> [Task statement]
What are the lines from the one containing "Foto 11 : Instrumento" through the last line of the records below? Return them exactly, leaving out pictures.

Dataset excerpts:
---------------

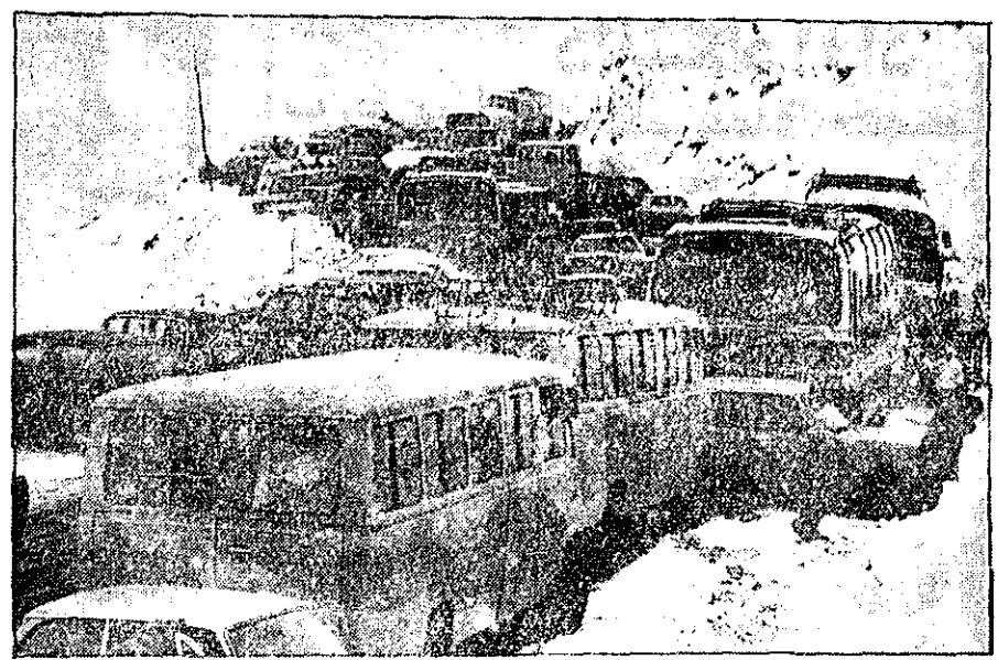
هزاران اسکی باز به دیزین فرسیدند

گازری در حال حاضر از نظر ساعت رسمی ایران از اول اسفند ۱۳۴۶ به وقت سابق برگردد. این تغییر ساعت به موجب حکم هیأت وزیران و قرار شده است. گازری در حال حاضر از نظر ساعت رسمی ایران از اول اسفند ۱۳۴۶ به وقت سابق برگردد. این تغییر ساعت به موجب حکم هیأت وزیران و قرار شده است.
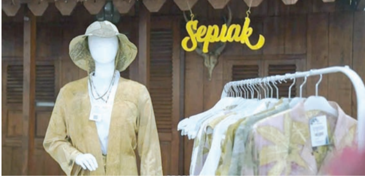
PT Timah公司在全国家级展会推广辅导中小微企业的产品。

“受助企业将这些资金用于提升生产能力、拓展业务范围以及扩大市场营销网络，”他表示。
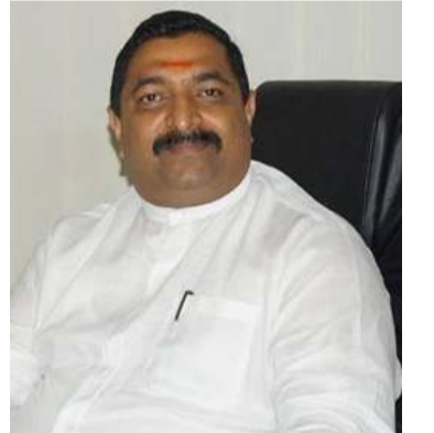
முன்னெடுக்கப்படவில்லை. நாடாளுமன்றத்திற்குள் நுழையும் போது பாதுகாப்புடன் செல்ல வேண்டிய நிலைமை ஏற்பட்டுள்ளது. - என் றார்.

கொவிட் கட்டுப்படுத்தலுக்காக பெருந்தோட்டங்களில் எந்தவொரு முறையான வேலைத்திட்டங்களும்
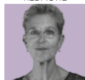
Gré Noom REDACTIE & ORGANISATIE
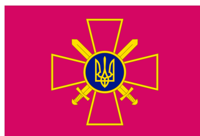
vlajka pozemních sil
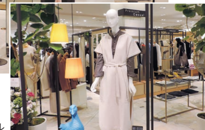
プレミアムカジュアル
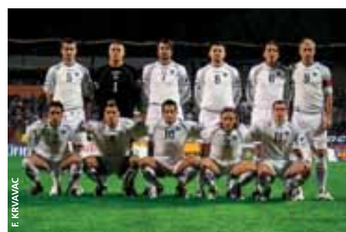
L'équipe nationale de Bosnie-Herzégovine.

«La NSBIH unifiée est encore une jeune organisation mais, saison après saison, nous procédons à d'importantes améliorations dans le champ de l'administration et dans d'autres segments. Chaque
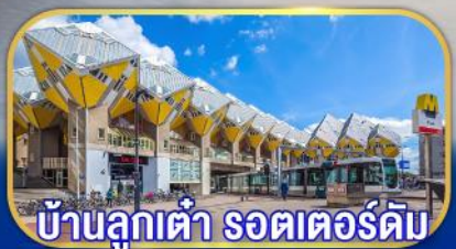
บ้านลูกเต่า รถเตอร์ดัม

เยือนเมืองเก่าแก่ยุโรป เก็บไฮไลต์กลุ่มประเทศเบเนลักซ์ กับการบินไทย บินตรงอัมสเตอร์ดัม
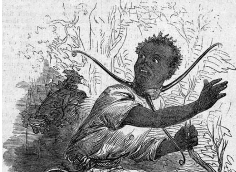
Foto 11 : Instrumento de tortura conhecido por “Colar de pescoço”
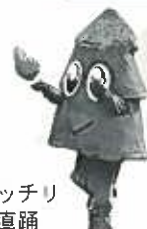
スギッチが 願人踊
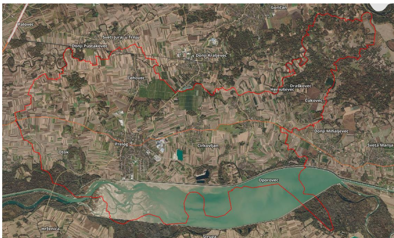
Slika 1. Površinski obuhvat Grada Preloga

Grad Prelog po veličini je druga jedinica lokalne samouprave u Međimurskoj županiji, koja graniči sa Varaždinskom županijom, a u okvirima Međimurske županije graniči sa slijedećim općinama: Sveta Marija, Goričan, Kotoriba, Donji Kraljevec, Mala Subotica i Orehovica.
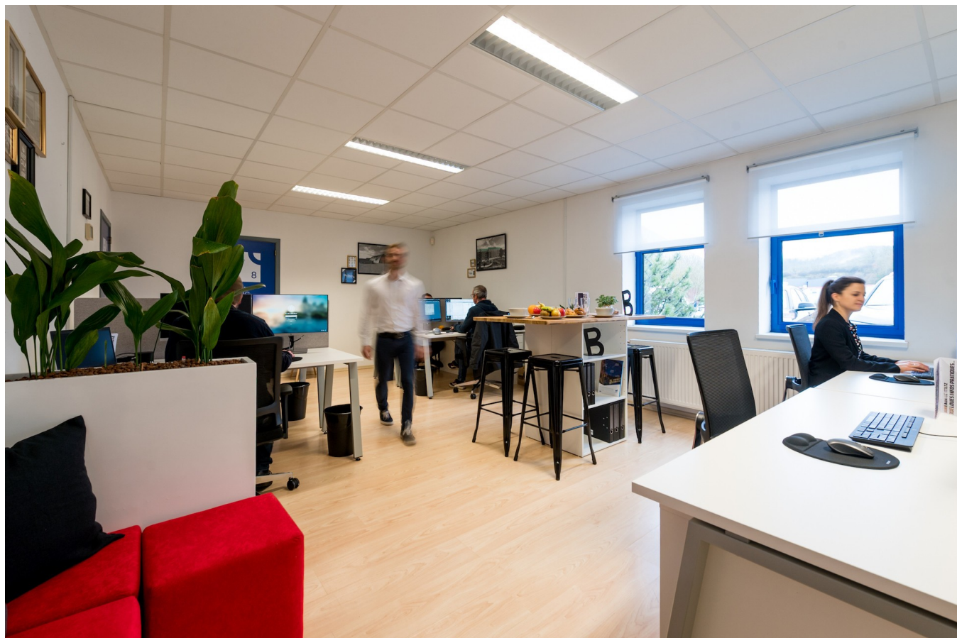
Vue des nouveaux bureaux Betic à Wiltz.
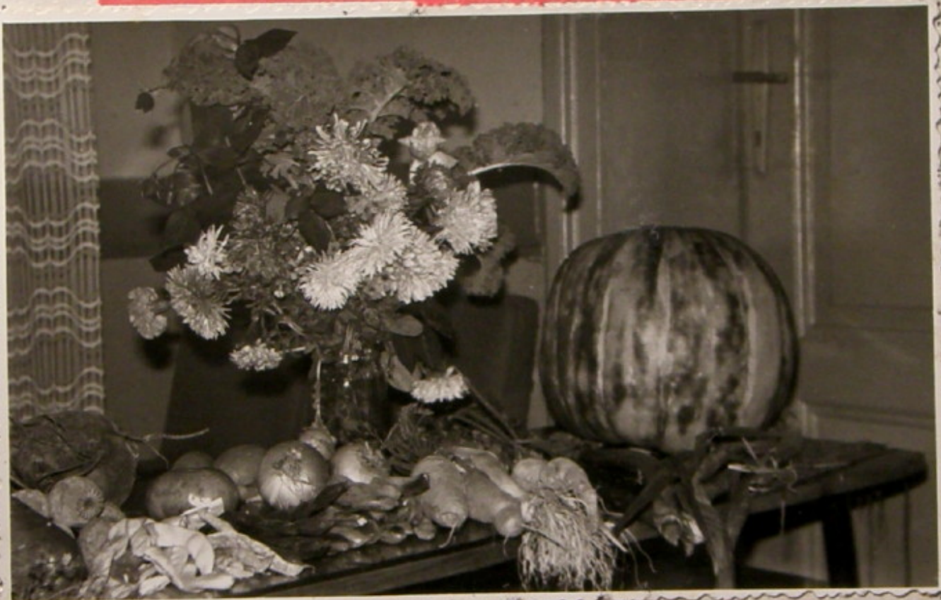
Takie piękne dynie i kwiaty mają tylko działkowcy.
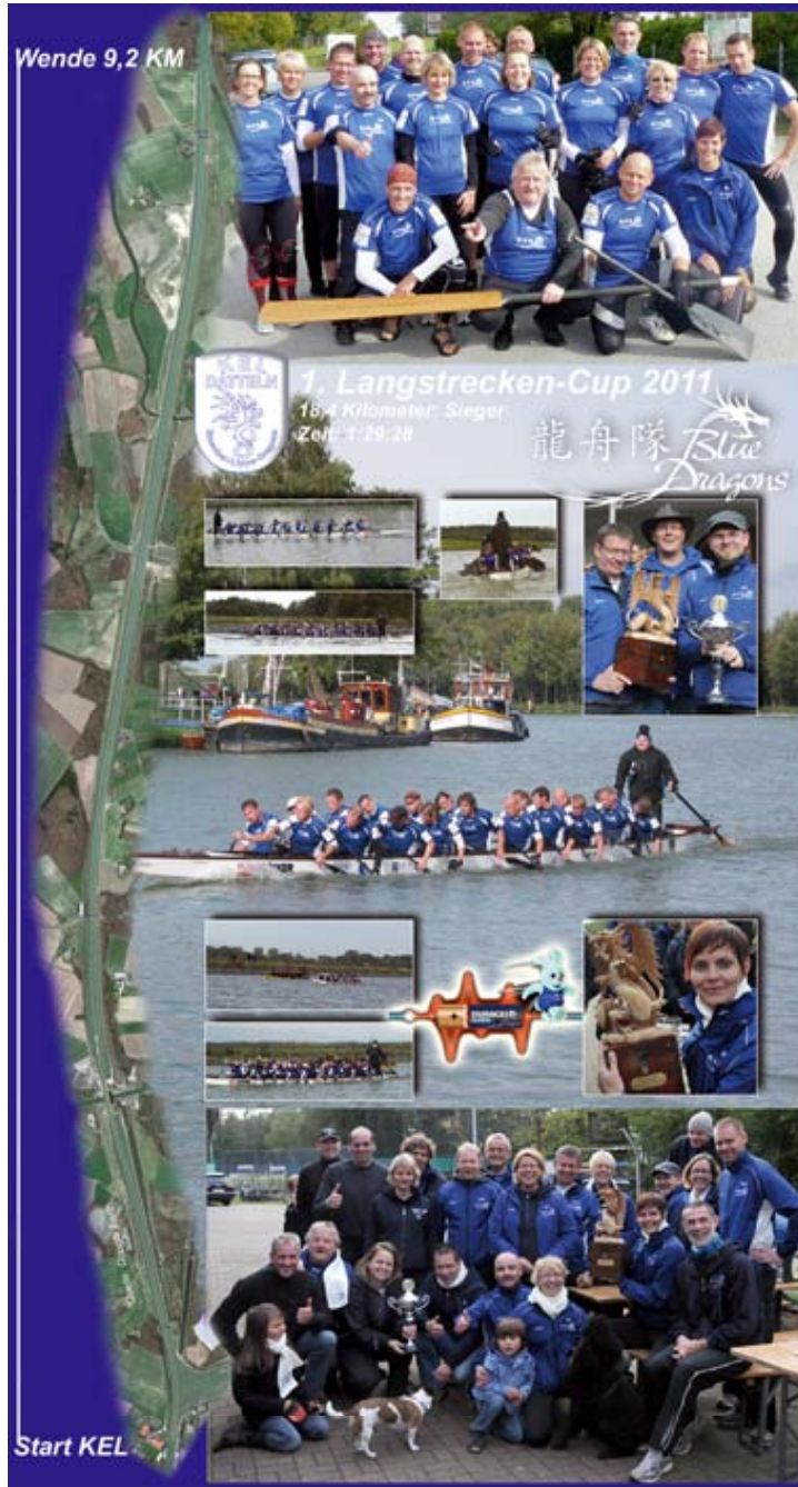
Langstrecke Datteln Blue Dragons 18,4 Kilometer 1:29:28
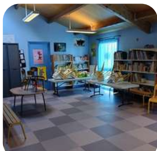
Salle d'activité 1
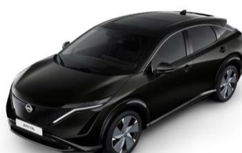
GAT Pearl Black
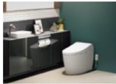
ネオレストシリーズ

---------------

> [Response area]
Foto 11 : Instrumento de tortura conhecido por “Colar de pescoço”
スギッチが 願人踊
Slika 1. Površinski obuhvat Grada Preloga

Grad Prelog po veličini je druga jedinica lokalne samouprave u Međimurskoj županiji, koja graniči sa Varaždinskom županijom, a u okvirima Međimurske županije graniči sa slijedećim općinama: Sveta Marija, Goričan, Kotoriba, Donji Kraljevec, Mala Subotica i Orehovica.
Vue des nouveaux bureaux Betic à Wiltz.
Takie piękne dynie i kwiaty mają tylko działkowcy.
Langstrecke Datteln Blue Dragons 18,4 Kilometer 1:29:28
Salle d'activité 1
GAT Pearl Black
ネオレストシリーズ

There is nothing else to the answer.